Last Sunday, when the Bible readings were concerned with the risen Christ and the overcoming of the reluctance of Thomas to believe in that risen Christ, is sometimes known as Thomas Sunday when the theme is doubt and belief. In my reflection this week I will set out a few thoughts on belief, using my own rather interrupted journey to faith as an example.
But to begin let me set out my current understanding of what it means to believe, in the context of a Christian faith. It means to believe that God is our loving Creator, that Jesus is the Son of God and hence able to reveal the truth about the nature of God and, in addition it means to live out a life that in practice conforms to the behaviour of a Christian which has been spelt out by Jesus. Then through the Holy Spirit, that Spirit which links Jesus, God and the whole of humanity – through that Spirit, eternal life – of peace with God, of peace with other people, and of peace with ourselves is available for us here and now.
Before returning to this statement I will go back some 70 years to my school days when like most children we read the Bible and had religious education lessons which were fine up to the age of about 11 when I started to learn about science and in particular physics. This didn’t concur with what I was reading in the Bible so one of them must be wrong and of the two it seemed to me then that science was correct and the bible was wrong and hence unbelievable. Unfortunately, the religious instruction teachers at that time did not realise that I and, no doubt, other pupils were moving forward in a stage of faith where we leave behind an understanding of faith as set out in the Bible as absolute history with God as a sort of super human being located somewhere “out there”. The teacher at that time did not explain the Bible was a collection of books established over a period of some thousand years and sets out a history of a relationship between a people and their God, with their God being described in anthropomorphic language.
If the teachers had explained all this, together with the concept of the provisionality of knowledge, then instead of rejecting the whole of the Bible, I might over the years of adolescence and early adulthood, have come to discern or recognise the truths contained within the Bible and to take responsibility for my own beliefs and attitudes that could result from careful study and interpretation. Instead, it was not until my late 20s that I began to take an interest in those whose writings were based on a liberal interpretation of the Bible – in particular being influenced by Harry A. Williams and Don Cupitt. Gradually I came to understand that God was not a super human but a spiritual presence or reality that can exist everywhere, including residing within the psyche of the human being. I say gradually because it took many years to reach the stage of, on the one hand demythologising and on the other recognising the development of the images, symbols and myths that have been used to express the universal truths of the messages that underly that transcendent reality that we call God.
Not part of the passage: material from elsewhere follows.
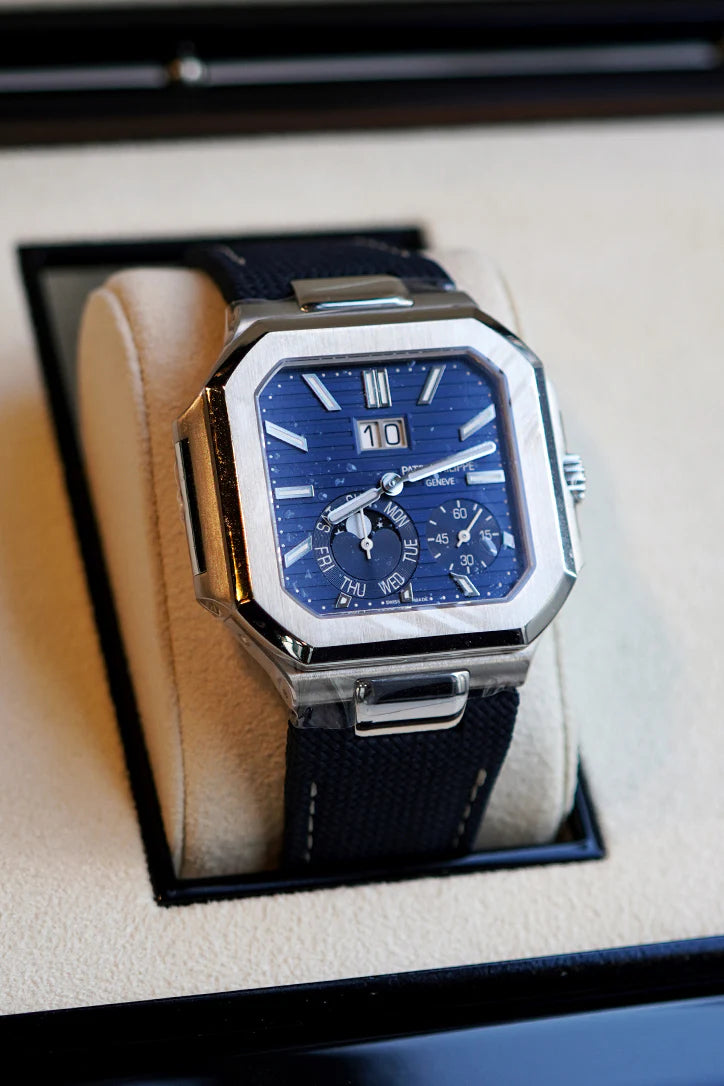 Discover timeless luxury with this authentic Patek Philippe Cubitus Grand Date Blue Dial Platinum Watch 5822P-001. Featuring meticulous Swiss craftsmanship and guaranteed 100% genuine by Watch Guy NYC, this premium timepiece is a collector’s dream. Now available at Global Sky Diamonds, located in the heart of the Diamond District – 44 W 47th St, Booth GF-10, NYC.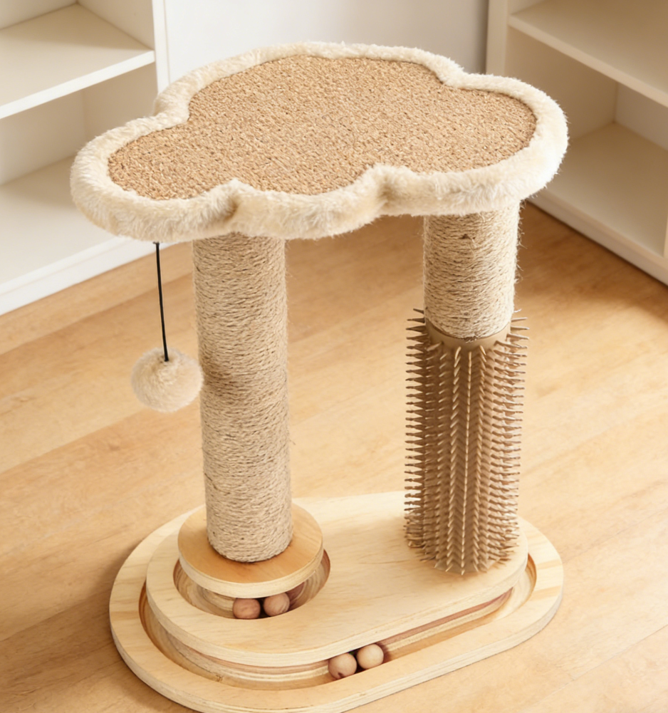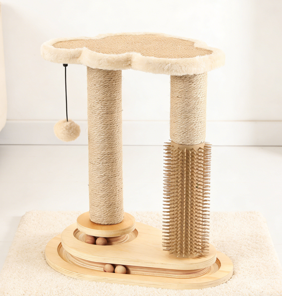 Natural Sisal Cat Scratching Post with Soft Perch and Ball Track (Four Pack)

Obviously, I was helped along this way by many helpful writers and those that I found particularly spoke to me were Bultmann, Tillich, Rahner and Macquarrie. So, this was my route to a fairly secure faith which I suspect is often followed by those whose background is in science or engineering.
But there is another way to faith through religious experience. For those who have been fortunate enough to have had such experiences this can provide a sudden realisation of that ultimate reality that comes upon one rather like the sun bursting through clearing fog on a crisp winter’s day. Such an experience or a becoming awareness of the presence of God can take many forms but was described by Sir Alister Hardy as ’becoming aware of or influenced by a presence or power, whether you call it God or not, which is different from your everyday self.’ Sir Alister when he retired from his post of Linacre Professor of Zoology at Oxford set out to collect such experiences and we now have a vast collection of accounts of such experiences in the University at Lampeter. Perhaps the most famous of religious experiences is that of St.Paul when on the road to Damascus he received his well known commissioning to promote the religion that was to become known as Christianity and to set aside his previous role within Judaism. For those of an academic bent, the lines of thought concerning religious experience can be traced from Schleiermacher (1768-1834), Otto(1869-1937), to a number of writers in the twentieth century including Sir Alister himself.
Whether or not one has arrived at a faith via the reading of the Bible and its interpretation or a result of a dramatic religious or spiritual experience one comes to point of realisation that God is not out there but in here in each and every one of us and is to be found In our way of living. At this stage in our faith when according to philosopher Paul Ricoeur ‘symbolic power is reunited with conceptual meanings. Here there must also be a new reclaiming and reworking of one’s past. There must be an opening to the voices of one’s “deeper self.” Importantly, this involves a critical recognition of one’s social unconscious-the myths, ideal images and prejudices built deeply into the self-system by virtue of one’s nurture within a particular social class, religious tradition, ethnic group or the like.’ In other words, one has achieved a rounded wholeness and a confidence to live a life, as mentioned at the beginning of this article, through the Holy Spirit, an eternal life – of peace with God, of peace with other people, and of peace with ourselves.
Afternote: Some of you reading through this reflection will recognise that I am writing about some of the stages of faith. As one moves from early childhood when one is born with a sense of primal belief through some of the stages I have described above one may reach a stage of such enlightenment that is achieved only by the mystic – to most of us mortals to have achieved the stage I have described in the final paragraph is achievement enough.